As with so many artists in a culture where credibility is geographically constrained within the eight provinces of Andalucía, Farruquito has flamenco in his genes. Everywhere you look in the Montoya family tree there are singers and dancers who have collectively developed a fusion of gypsy baile (dance) and flamenco in a dynasty that stretches back at least five generations. Most notably, his grandfather, Antonio, was El Farruco, a self-trained gypsy dancer who championed the artistry of flamenco puro and was revered for the emotional force of the duende (spirit) in his performance and the clarity of his rhythmic control. Farruquito’s first stage performance came at the age of 5, alongside his grandfather, in a show simply entitled Flamenco Puro, which premiered on Broadway. Although El Farruco died in 1997, the grandfather and grandson can still be seen dancing together in Carlos Saura’s iconic film, Flamenco, accompanying the voice of the renowned singer, El Chocolate (yet another member of the Montoya dynasty).
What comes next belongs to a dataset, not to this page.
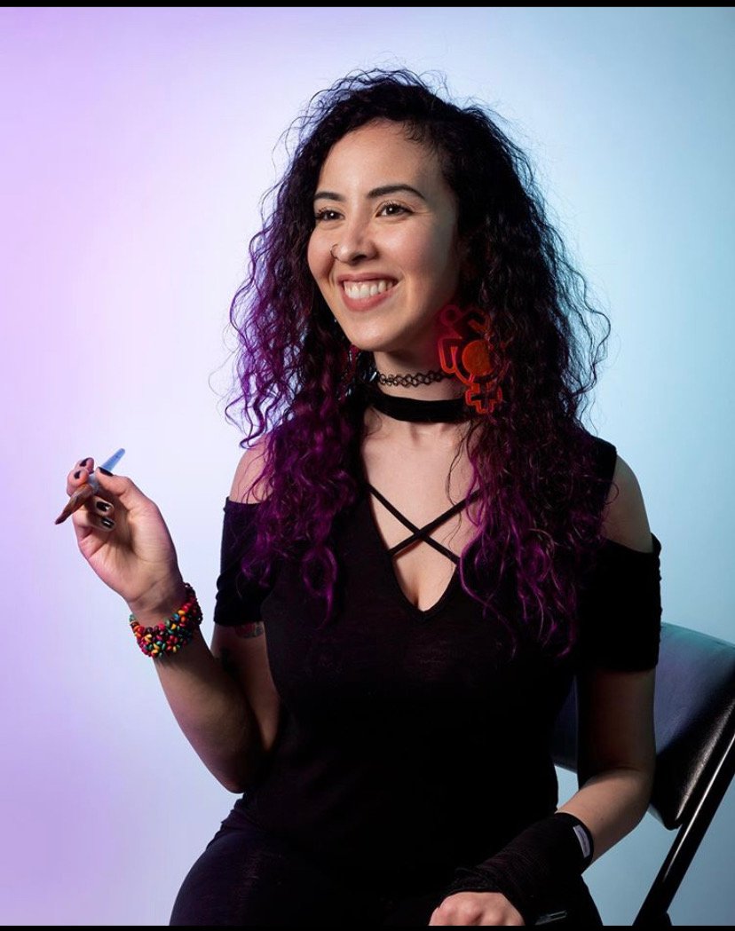 Working primarily in portraiture and mixed media, Ramos uplifts the stories of disabled, queer, and BIPOC communities with bold, emotionally grounded visual language. Her practice is shaped by lived experience and an unwavering commitment to disability justice. Ramos is known for creating space for difficult conversations about disability, identity, and belonging, both through her visual work and her facilitation skills. She is a co-founder of Cuerpos Justificados, a disability-led artist collective reclaiming space through justice, art, and culture.

It is well worth seeing.
At 15, Farruquito succeeded his grandfather as head of the flamenco puro movement (and as well as keeping it strong through performances such as this he also heads up the dance academy that maintains the Farruco genre). Farruquito’s own style – as I have already noted – is ironically delivered with an ebullient, flashy, theatrical showmanship, which appears at odds with the simple gypsy baile of his grandfather, but then it would not be much of a one-man dance show in the modern world without such theatrical embellishment (and I suspect that there would not be too many guapo catcalls, either).
Farruquito’s dancing is unleashed with heartfelt, visceral passion and I suspect he needs a long lie-down when any performance is over. But I found many of the numbers to be too similar in their patterns, structure and timing, and apart from trying (not very successfully) to detect the subtle differences in beat rhythms of, for example, the seguiriya and the alegrías, I found it difficult to distinguish one dance from another.
Variety came in the musical interludes between each dance (giving the barber of Seville time to get to work) and there were some exceptional contributions from the ensemble, not least in a beautiful guitar solo by Román Vicenti. There were joyful exchanges between Farruquito and his singers, notably with the imposing presence of Mari Vizarraga, but I’m not enough of a flamenco purist to appreciate a whole 90-minute dance show emanating from a single set of limbs (although acknowledging that this is the essence of flamenco puro) and I would have appreciated the diversity of having a bailaora dance at least once.
I understand that the point of Improvisao is to replicate the intimacy of an authentic flamenco “happening” with the rounds of interactive collaboration between its various elements (vocals, guitar, percussion, dance) taking place with different emphases in every performance. However, it seems to me that the essence of that authenticity is best when far removed from a traditional proscenium theatre setting (certainly of the size of Sadler’s Wells). In trying to turn this fundamental basis of flamenco’s identity into a theatrical show, but also keeping the essence of flamenco puro as being delivered by a solo dance artist, something is lost in translation, even if we can appreciate – without doubt – the remarkable capabilities and emotional expression of this charismatic dancer and his superb musicians.